Erste im Anschluss hilft es die Ideen in eine Matrix einzupflegen. Bei der Clusterung findet zum Beispiel die Ideenserviette Y Combinator Anwendung. Ziel ist es, sehr schnell zu iterieren, zu bewerten und mit der schnellen Verifizierung und Qualifizierung mit den am besten bewerteten Ideen zu beginnen.

#4 Validations-Phase
Die Lösungsansätze mit dem höchsten Potenzial werden im Rahmen von Nutzertests validiert. Dazu werden mit dem Kunden Testszenarien konzipiert und durchgeführt. Gewonnen Erkenntnisse werden anschließend in den Konzept- und Lösungsansatz integriert und ggf. angepasst.

Tool-Tipp: Bei Pizza, Bier und Brause lassen sich Produkte, Websites und Apps gut testen. Der Anbieter Usabiltiy-testessen.org bringt bei einer tollen Atmosphäre die Entwickler und Nutzer an einen Tisch. Die Veranstalter planen sicherlich bereits die nächsten Termine nach dem Shut down.

#5 Refinement-Phase
Auf Basis der Erkenntnisse aus der Validation-Phase wird die Geschäftsmodellvision geschärft und ein klares Plattformkonzept als Basis für eine zukünftige Umsetzung formuliert.
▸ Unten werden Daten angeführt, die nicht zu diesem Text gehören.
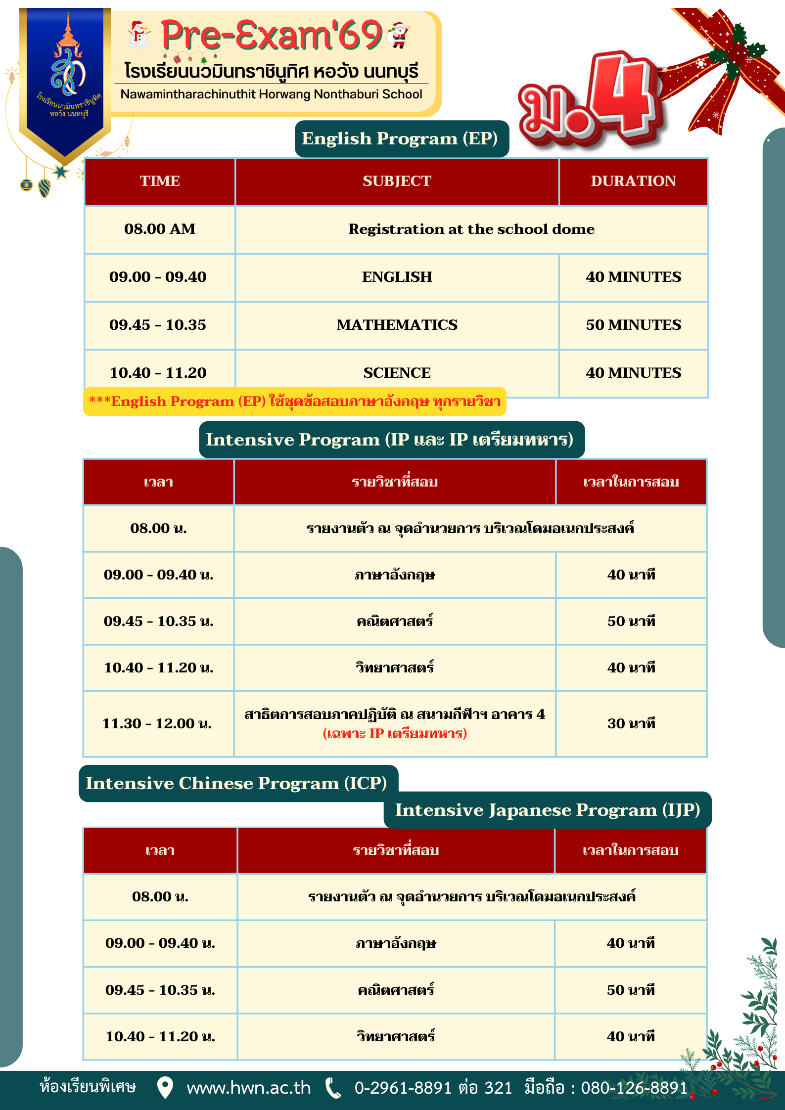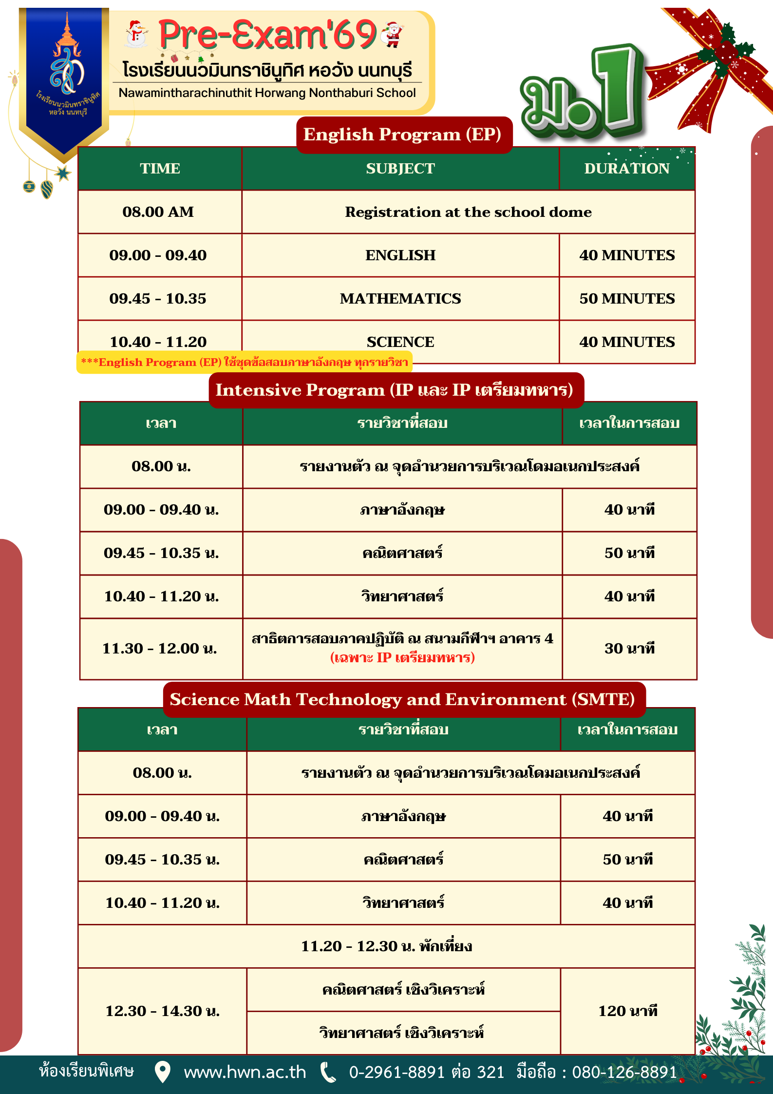 แนวปฎิบัติการเข้าทดลองสอบ ม.1 และ ม.4
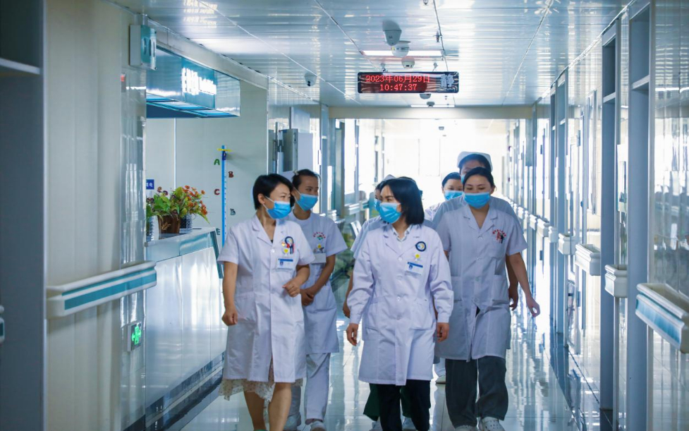 6月29日,在精河县人民医院住院部,精河县人民医院妇产科主任、湖北援疆专家佘小艳正带领着科室医生和护士们进行晨间查房工作。

Dazu gehört die Definition aller damit verbundenen Projekte, die Festlegung von Meilensteinen, die rechtliche Struktur der Organisation, die Vorbereitung eines detaillierten Budgetplans sowie eines Projekt-Routenplans. Im Rahmen dessen ist eine zielgerichtete Handlungsempfehlung sowie eine erste Skizzierung eines Businessplans für die Umsetzung des Plattformgeschäftsmodells notwendig.

Tool-Tipp: Capability Mapping ist ein nützliches Werkzeug, um sich einen Überblick über die bestehenden Fähigkeiten zu verschaffen und eine Schätzung der noch zu benötigten Kompetenzen innerhalb der Idee oder des Geschäftsmodells vorzunehmen. Dies ist hilfreich, um frühzeitig zu wissen, ob benötigte Fähigkeiten verfügbar sind oder ob sie nach Make-or-Buy-Ansätzen besetzt werden müssen. Bei mehreren Ideen und Projekten sind Capability Mappings auch für die Ressourcenzuweisung von wiederkehrenden Fähigkeiten und auch für eine bessere Kauf- oder Verkaufsentscheidung nützlich.

Auch wenn die ersten Phasen erfolgreich durchlaufen sind, bedeutet dies nicht, auf den Erkenntnissen sich auszuruhen. Kunden- oder digitale Markt-Einflüsse werden das Geschäftsmodell durch ein regelmäßiges Feedback erfolgreich anpassen.

Uber sowie Slack wissen um die Chancen der Digitalisierung zu nutzen. Daher sollten wir in Deutschland und Europa trotz Corona Pandemie nicht den Mut für unsere digitalen Geschäftsmodelle verlieren, sondern uns auf die Innovationsideen und Geschäftsmodelle mit messbarem Impact konzentrieren, wo das höchste Potenzial enthalten ist.